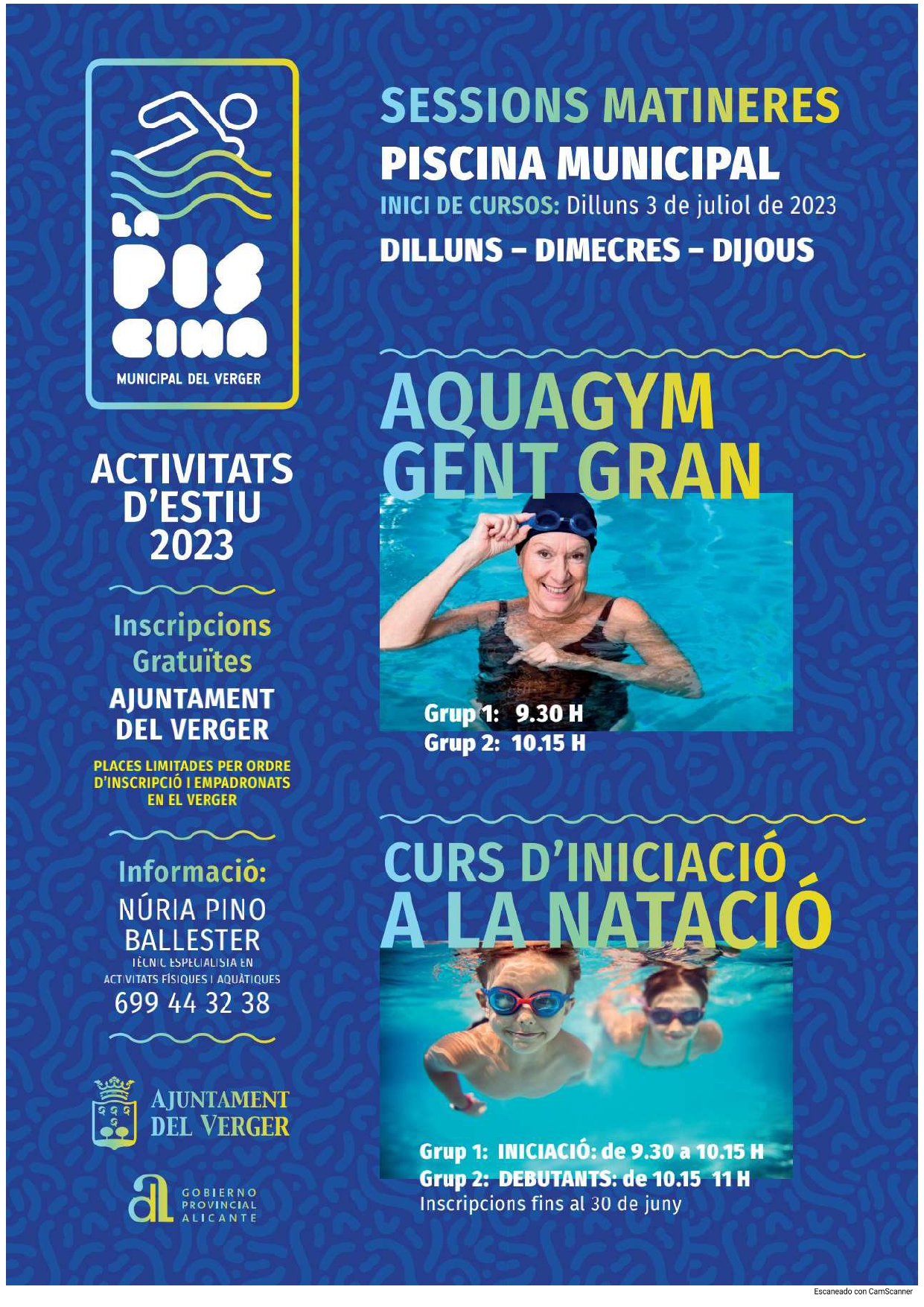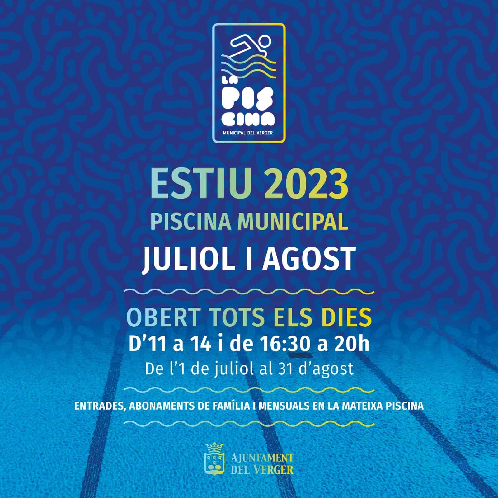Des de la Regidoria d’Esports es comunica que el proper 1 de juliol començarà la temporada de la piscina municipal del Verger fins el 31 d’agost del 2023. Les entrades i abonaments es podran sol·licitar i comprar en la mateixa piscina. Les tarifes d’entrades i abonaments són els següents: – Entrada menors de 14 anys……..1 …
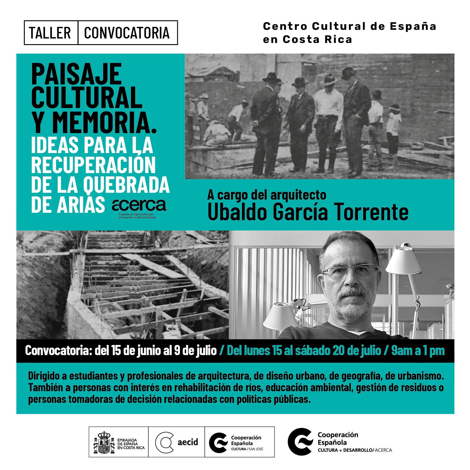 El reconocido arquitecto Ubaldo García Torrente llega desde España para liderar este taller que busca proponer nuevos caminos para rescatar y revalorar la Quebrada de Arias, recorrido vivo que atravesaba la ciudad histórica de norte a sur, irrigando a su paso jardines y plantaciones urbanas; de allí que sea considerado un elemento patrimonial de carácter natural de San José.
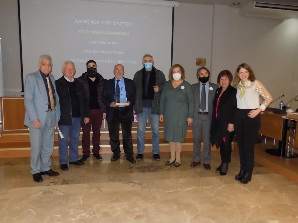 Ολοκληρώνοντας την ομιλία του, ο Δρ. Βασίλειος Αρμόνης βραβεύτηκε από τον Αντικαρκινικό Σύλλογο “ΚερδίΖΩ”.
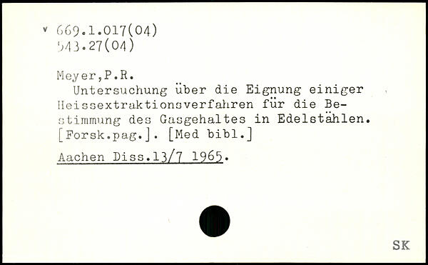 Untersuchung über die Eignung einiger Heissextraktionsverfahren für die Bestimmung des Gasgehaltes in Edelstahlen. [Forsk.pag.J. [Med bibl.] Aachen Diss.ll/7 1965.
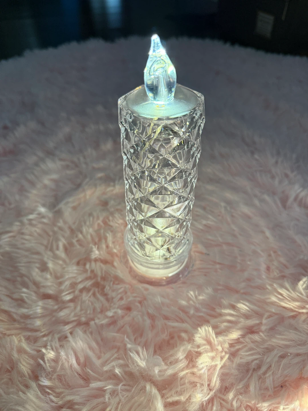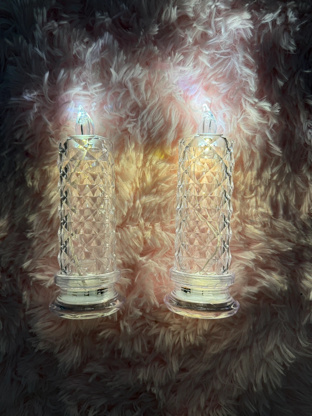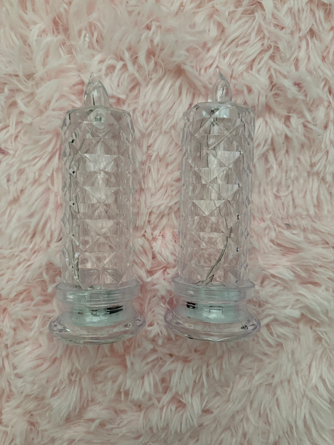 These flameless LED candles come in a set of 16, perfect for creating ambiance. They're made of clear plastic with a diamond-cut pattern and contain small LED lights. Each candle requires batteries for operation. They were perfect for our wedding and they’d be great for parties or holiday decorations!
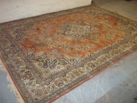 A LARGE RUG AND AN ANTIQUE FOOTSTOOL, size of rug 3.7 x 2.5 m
-------
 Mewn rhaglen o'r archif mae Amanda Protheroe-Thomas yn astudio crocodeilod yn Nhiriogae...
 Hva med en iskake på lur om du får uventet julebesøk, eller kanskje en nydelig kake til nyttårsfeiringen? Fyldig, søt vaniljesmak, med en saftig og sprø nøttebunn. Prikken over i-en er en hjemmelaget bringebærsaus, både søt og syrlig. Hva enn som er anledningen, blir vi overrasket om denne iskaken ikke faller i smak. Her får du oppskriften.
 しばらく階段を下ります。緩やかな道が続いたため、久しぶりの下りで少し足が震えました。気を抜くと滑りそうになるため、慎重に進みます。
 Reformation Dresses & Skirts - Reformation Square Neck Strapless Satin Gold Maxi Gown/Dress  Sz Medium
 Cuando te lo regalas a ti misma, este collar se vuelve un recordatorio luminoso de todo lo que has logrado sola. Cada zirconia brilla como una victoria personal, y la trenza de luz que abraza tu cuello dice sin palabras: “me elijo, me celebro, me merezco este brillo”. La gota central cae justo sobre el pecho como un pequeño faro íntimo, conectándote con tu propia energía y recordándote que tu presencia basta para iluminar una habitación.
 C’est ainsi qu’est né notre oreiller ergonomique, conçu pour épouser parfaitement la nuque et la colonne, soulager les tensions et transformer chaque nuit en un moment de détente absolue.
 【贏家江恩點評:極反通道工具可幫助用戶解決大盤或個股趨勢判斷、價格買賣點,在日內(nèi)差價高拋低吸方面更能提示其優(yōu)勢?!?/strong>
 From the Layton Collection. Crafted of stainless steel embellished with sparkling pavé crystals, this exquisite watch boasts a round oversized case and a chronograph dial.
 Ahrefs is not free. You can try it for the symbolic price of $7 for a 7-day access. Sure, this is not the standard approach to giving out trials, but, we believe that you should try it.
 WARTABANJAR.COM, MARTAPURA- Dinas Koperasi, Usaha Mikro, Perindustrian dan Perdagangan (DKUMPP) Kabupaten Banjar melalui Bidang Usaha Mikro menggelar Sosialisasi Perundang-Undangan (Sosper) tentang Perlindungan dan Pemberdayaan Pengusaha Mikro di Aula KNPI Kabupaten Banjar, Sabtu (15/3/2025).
-------
**TO DO:**
Above is the material; set down exactly its lines from the one containing "Des de la Regidoria" down to the one containing "A LARGE RUG", both included, leaving out any pictures.

**RESULT:**
Des de la Regidoria d’Esports es comunica que el proper 1 de juliol començarà la temporada de la piscina municipal del Verger fins el 31 d’agost del 2023. Les entrades i abonaments es podran sol·licitar i comprar en la mateixa piscina. Les tarifes d’entrades i abonaments són els següents: – Entrada menors de 14 anys……..1 …
 El reconocido arquitecto Ubaldo García Torrente llega desde España para liderar este taller que busca proponer nuevos caminos para rescatar y revalorar la Quebrada de Arias, recorrido vivo que atravesaba la ciudad histórica de norte a sur, irrigando a su paso jardines y plantaciones urbanas; de allí que sea considerado un elemento patrimonial de carácter natural de San José.
 Ολοκληρώνοντας την ομιλία του, ο Δρ. Βασίλειος Αρμόνης βραβεύτηκε από τον Αντικαρκινικό Σύλλογο “ΚερδίΖΩ”.
 Untersuchung über die Eignung einiger Heissextraktionsverfahren für die Bestimmung des Gasgehaltes in Edelstahlen. [Forsk.pag.J. [Med bibl.] Aachen Diss.ll/7 1965.
 These flameless LED candles come in a set of 16, perfect for creating ambiance. They're made of clear plastic with a diamond-cut pattern and contain small LED lights. Each candle requires batteries for operation. They were perfect for our wedding and they’d be great for parties or holiday decorations!
 A LARGE RUG AND AN ANTIQUE FOOTSTOOL, size of rug 3.7 x 2.5 m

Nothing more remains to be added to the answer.